Отличные знаки различий, бренные тела новейшего времени.
Не мертвые внутри, нет, но пустые, заполненные плюшем, вперемешку с кишками и дерьмом.
И мы с тобой, о Женщина, были такими, мы были такими.
Но выбора нам не оставалось, точнее, мы сами себя его постоянно лишали.
Запирались в комнате мрачной, и предавались ненависти, но настолько чистой.
Мы не хотели славы, деньги нам были ни к чему, только похоть и потные тела.
Ты была чуть толще чем обычно, а я был чуть живее чем казалось.
Ты была слегка подавлена, а я не был немного более разудалым чем запоздалые извинения.
Песня 29.
Слабости были настолько нестабильны, что порой превращались в нечто большее, чем могло показаться нам обоим.
Обоюдные согласия становились лишком сложны и шатки в сложившихся обстоятельствах.
Недовольно скоропостижным становилось безумие, сквозь марлевую повязку.
Мерзлота квартирных радиаторов окутывала по-новому.
Мы ждали отопительного сезона, грезили каждый по-своему, и жевали одеяло беззубым ртом.
Потом окукливались, и впадали в спячку.
Но по весне мы не превращались в сначала в гусениц, потом в бабочек, мы так и оставались грязными личинками, пульсируя по очереди.
Ты видела снова дивные сны, я снова видел черно-белый шум.
Общался с мертвыми, забывал живых.
Глотал проточную воду, фильтровал своим организмом, и одаривал им землю.
И ничего не росло на ней, только дивная колючая акация.
Нечистоты плыли по трубам, это были мы.
Кислотные дожди жгли глаза, это тоже были мы.
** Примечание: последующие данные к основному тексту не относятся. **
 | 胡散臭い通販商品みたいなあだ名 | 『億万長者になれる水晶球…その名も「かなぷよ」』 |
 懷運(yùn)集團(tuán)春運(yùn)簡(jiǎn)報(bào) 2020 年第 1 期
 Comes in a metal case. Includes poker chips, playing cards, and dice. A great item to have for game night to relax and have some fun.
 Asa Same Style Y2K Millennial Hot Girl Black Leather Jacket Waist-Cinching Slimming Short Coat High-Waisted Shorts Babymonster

Цвет слоновой кости не вызывал уже былого восторга, цвет человеческой кости был не таким, и имел схожий эффект.
Слыли везде идиотами, безумцами, так есть.
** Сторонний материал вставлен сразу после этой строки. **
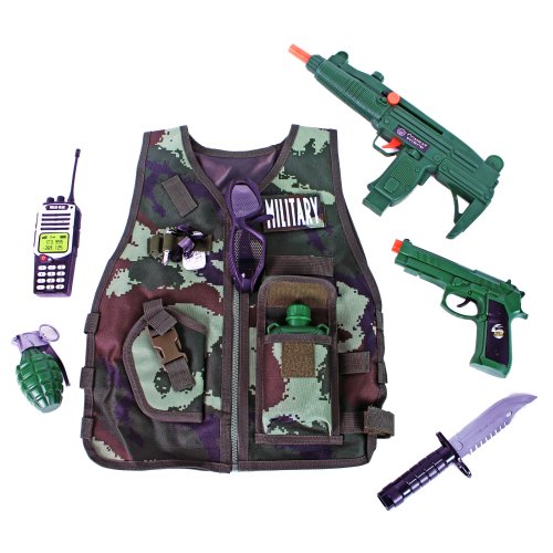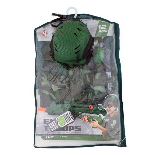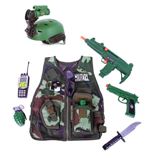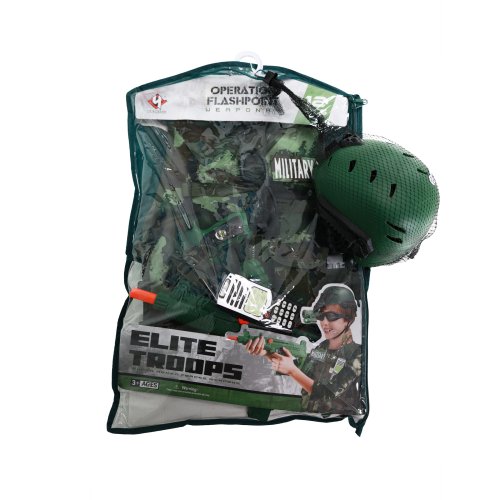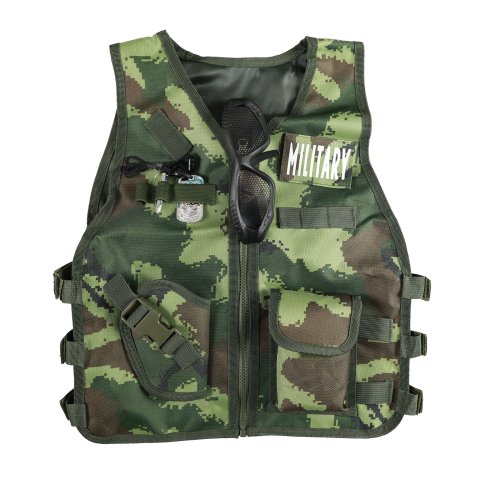 Vydaj sa na vojenskú misiu s týmto parádnym vybavením! Karnevalový kostým je určený pre chlapčekov vo vekovom rozmedzí 3-7 rokov (104-122 cm). Balenie obsahuje vestu, prilbu so svetlom (2 ks batérií typu LR44, ktoré sú súčasťou balenia), granát, poľná fľaša, nôž, samopal, pištoľ, okuliare, vysielačku a ďalšie drobnosti.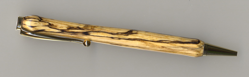 Tried another on today in some burl from Rockler. The tag on the block neglected to say what KIND of burl, but it looks pretty nice. Had a blowout at the top of the pen but I found the chunk and glued it back. You can see the patch in the picture. It was odd, when I looked at the break there was glue on the tube and on the inside of the blowout so it was surprising that it let go.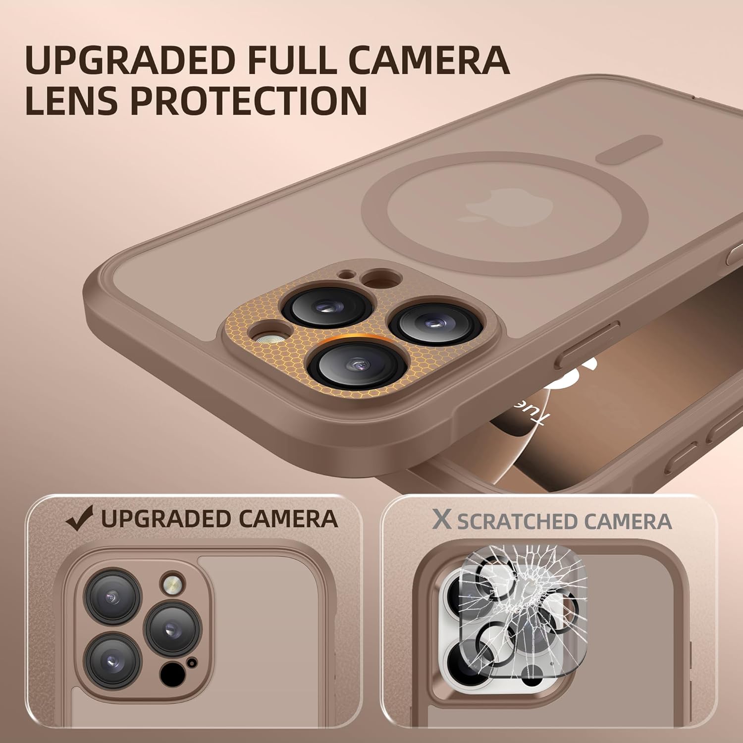 BERFY Magnetic for iPhone 16 Pro Max Case, Compatible with MagSafe, [Built-in 9H Tempered Glass Screen Protector & Camera Protection] Full Body Matte Phone case for 16 Pro Max, Withered Brown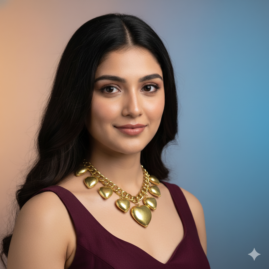 Elevate your elegance with our Amoura Combo, a stunning combo featuring a bold gold-tone heart charm necklace and matching earrings. Perfect for making a statement of love and luxury, this set radiates timeless charm and sophistication.

Приходи к нам, вместе посмеемся.
Если будет время, если будет темно, вкрутим лампочку помощнее.
Будем целоваться до упаду, ты, своими бледными губами, я ножом.
А потом вместе выпрыгнем в воздух, тогда смешнее будет.
Песня 30.
Глубинные существа выходили наружу.
Пялились своими глазищами в наши забвенные веки.
Таращились в пустоту дневного тяжелого воздуха, вдыхали туман, плыли сквозь него.
Бредили постоянно, не обдумывая до конца поступки, служили службу невнятную.
Подкрадывались сзади, и били что есть мочи наповал.
Струились и роились, мыслили и преграждали дорогу навстречу идущим автомобилям, которые моргали дальним.
Была осень, было непонятно, и было так сказать бестолково по новому, и страшно по настоящему.
Вселенский веник захлестывал подражание, разочаровывал поистине каждого, кто становился у него на пути.
Допевай скорее свою песенку, Женщина.
Мы так устали.
Силы покидали нас, мы были слишком злы в этом, слишком сильны чтобы отказаться снова.
Не усмотрев ничего, мы просто пялились в пустоту, в космос.
А он, неминуемо, по закону, смотрел в нас.
Тратили многое, уследили даже в этом некий раздел, какую-то неминуемую пропасть.
Слишком сильно поперло, и жгут медленно спадал с твоего плеча.
Капля разбавленной крови выступала на месте проникновения, уже безболезненного.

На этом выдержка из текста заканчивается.